The Union health ministry has notified the Medical Devices Rules, 2017 which will come into force from January 1, 2018.
These rules will be applicable to substances used for in vitro diagnosis and surgical dressings, surgical bandages, surgical staples, surgical sutures, ligatures, blood and blood component collection bag with or without anticoagulant covered under sub-clause (i); substances including mechanical contraceptives (condoms, intrauterine devices, tubal rings), disinfectants and insecticides notified under sub-clause (ii); and devices notified from time to time under sub-clause (iv), of clause (b) of section 3 of the Drugs and Cosmetics Act, 1940 (23 of 1940).
As per the newly notified rules, medical devices other than in vitro diagnostic medical devices will be classified on the basis of parameters specified in part I of the first schedule, namely low risk as Class A; low to moderate risk as Class B; moderate to high risk as Class C; and high risk as Class D. In vitro diagnostic medical devices will be classified on the basis of parameters specified in part II of the First Schedule, namely low risk as Class A; low to moderate risk as Class B; moderate to high risk as Class C; and high risk as Class D.

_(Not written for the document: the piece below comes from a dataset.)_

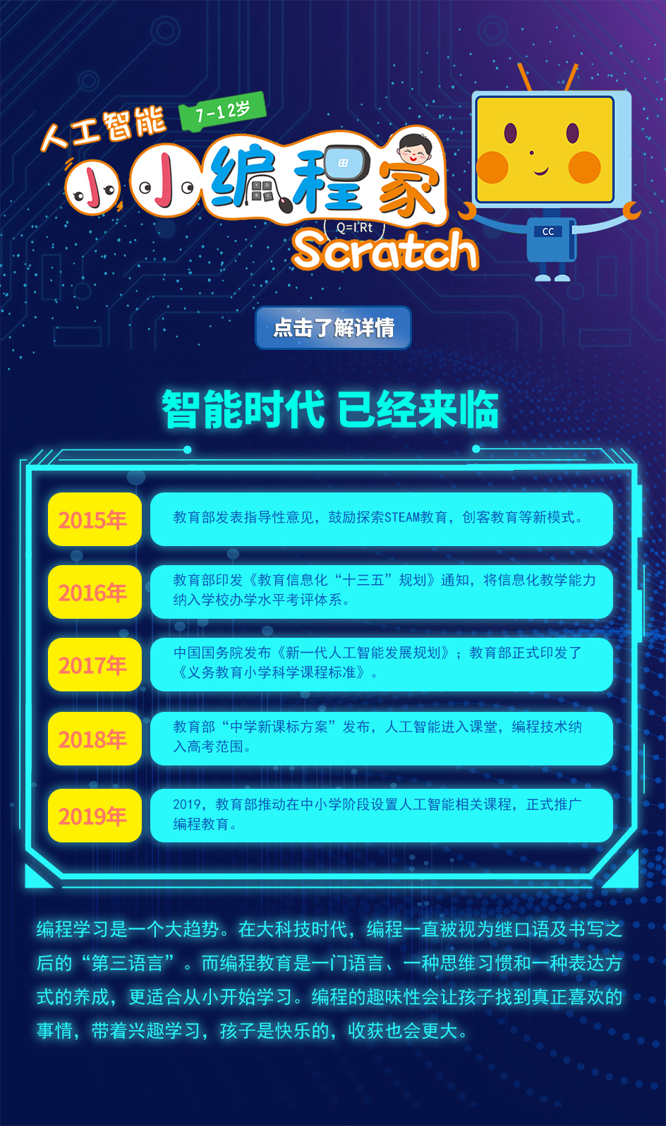 Scratch 是可視化的編程語言,讓孩子從“拖拽”開始學編程,其豐富的學習環境及可操作性適合7—12歲的孩子進行學習。易道教育推出的《人工智能—小小編程家Scratch》系列教程,包其教學內容涉及多學科深度融合,數學、物理、機械、電子、工程、通信、編程、藝術、生活等,理論與實踐相結合,滿足人工智能科創教育實踐和STREAM1創新教育實踐需求,實現寓教于樂、著重素質及多學科相融合。

As per the new rule, medical device manufacturers should follow the essential principles of safety and performance of medical devices as may be specified in the guidelines issued by the Ministry of Health and Family Welfare in the Central Government, from time to time keeping in view the contemporary scientific and technological knowledge and development, provided that the guidelines to be so specified shall be in conformity with the provisions of the act and these rules.
The medical device should conform to the standards laid down by the Bureau of Indian Standards established under Section 3 of the Bureau of Indian Standards Act, 1985 (63 of 1985) or as may be notified by the Ministry of Health and Family Welfare in the Central Government, from time to time. Where no relevant standard of any medical device has been laid down under sub-rule (1), such device should conform to the standard laid down by the International Organisation for Standardisation (ISO) or the International Electro Technical Commission (IEC), or by any other pharmacopoeial standards. In case of the standards which have not been specified under sub-rule (1) and sub-rule (2), the device should conform to the validated manufacturer’s standards.